All this, of course, only amplifies Canada’s reputation for being naive about real financial criminals.

What message does it send our allies, especially other members of the Five Eyes intelligence-sharing alliance, if Ottawa treats protesting truckers as a more serious threat than kleptocrats, money launderers and convicted terrorists?

There are lessons to be learned from this godawful experience and guard rails must be put in place to prevent this type of government overreach in the future.

For starters, a strict protocol must be established to prevent a repeat of the chaos that engulfed banks and other financial-services companies after the government ordered them to freeze accounts and hand over customer information to law enforcement.

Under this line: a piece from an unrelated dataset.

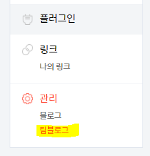 2) 왼쪽 사이드바 하단으로 스크롤을 내려서 '팀블로그'를 눌러줍니다.

Ottawa was slow to provide those businesses with even basic information about the federal order, including its effective date, the threshold for freezing accounts, which types of accounts and the scope of affected customers.

Bank customers, meanwhile, deserve an appeals process if these extraordinary measures are ever enacted again. The Financial Consumer Agency of Canada is responsible for protecting the rights of customers and should play a role in developing this mechanism.

The Office of the Privacy Commissioner of Canada also needs to step up and ensure that any bank customer information that was shared with law enforcement is properly safeguarded and eventually destroyed. Moreover, it should improve oversight of third-party risk and compliance databases.